LONDON (Reuters) – IKEA is investing in price cuts on some products across a range of countries, including Belgium, Canada and India, as the furniture retailer aims to unwind increases it introduced in 2022.
The main IKEA retailer said it has cut costs and sees decreasing raw material prices, enabling it to bring prices down on some products, which will in turn boost sales volumes.
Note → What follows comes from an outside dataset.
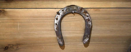 Old horseshoe on a rustic wooden background
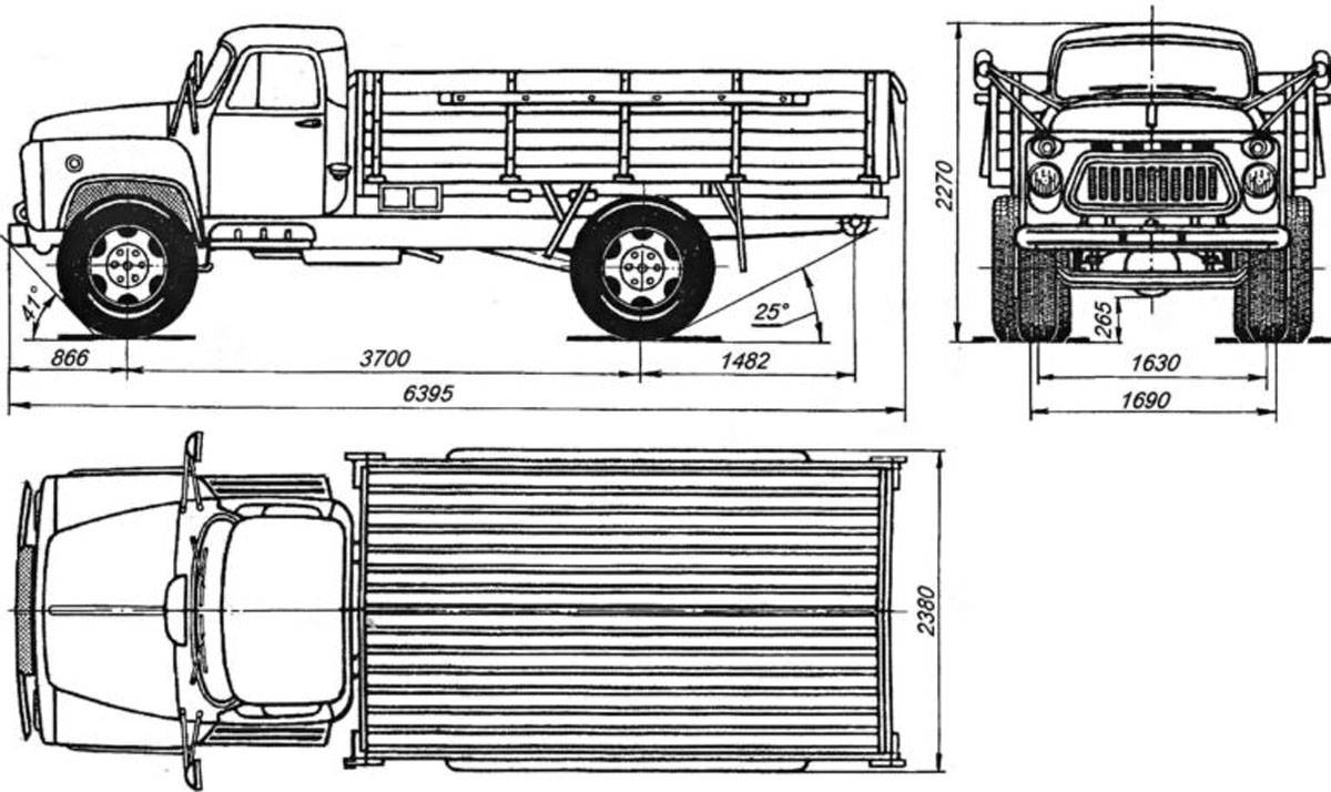 Габаритные размеры самосвала ГАЗ-53:

“Every country is sitting and looking at where are the opportunities for us to, by lowering the prices, sell more pieces,” said Tolga Oncu, Ingka Retail Manager at Ingka Group, the biggest owner of IKEA stores. “When you lower the price you also need to see a volume increase.”
IKEA is already selling more of the cut-price products, like KALLAX storage cubes, in some countries, Oncu said.
The aim is to bring prices back to “inflation-adjusted” pre-pandemic levels by the end of next year, Ingka Group said.
Ingka Group is investing 55 million euros ($59.53 million) to cut prices in Canada on more than 1,500 products, while in Belgium it is lowering prices on 2,600 products from February 1. It also plans price cuts in India on hundreds of products.
In the United States, for example, IKEA’s BILLY bookcase cost $69 in 2016. The price fell to $59 in 2019 and increased to $89 by 2022, and is now back at $69.
The retailer has already announced price cuts in Germany – its biggest market by sales – as well as Sweden and the UK.
Ingka Group has invested more than 1 billion euros in price reductions across its markets from September to November.
Red Sea disruptions to global freight, which have pushed up shipping rates, are unlikely to impact IKEA’s plans to cut prices, Oncu said.
“So far when it comes to the Red Sea disruptions, with the facts we know today it is not impacting the pricing direction that we have at IKEA.”
Ingka Group is the main global franchisee of IKEA. The brand is owned by a separate company, Inter IKEA, which manufactures all IKEA products.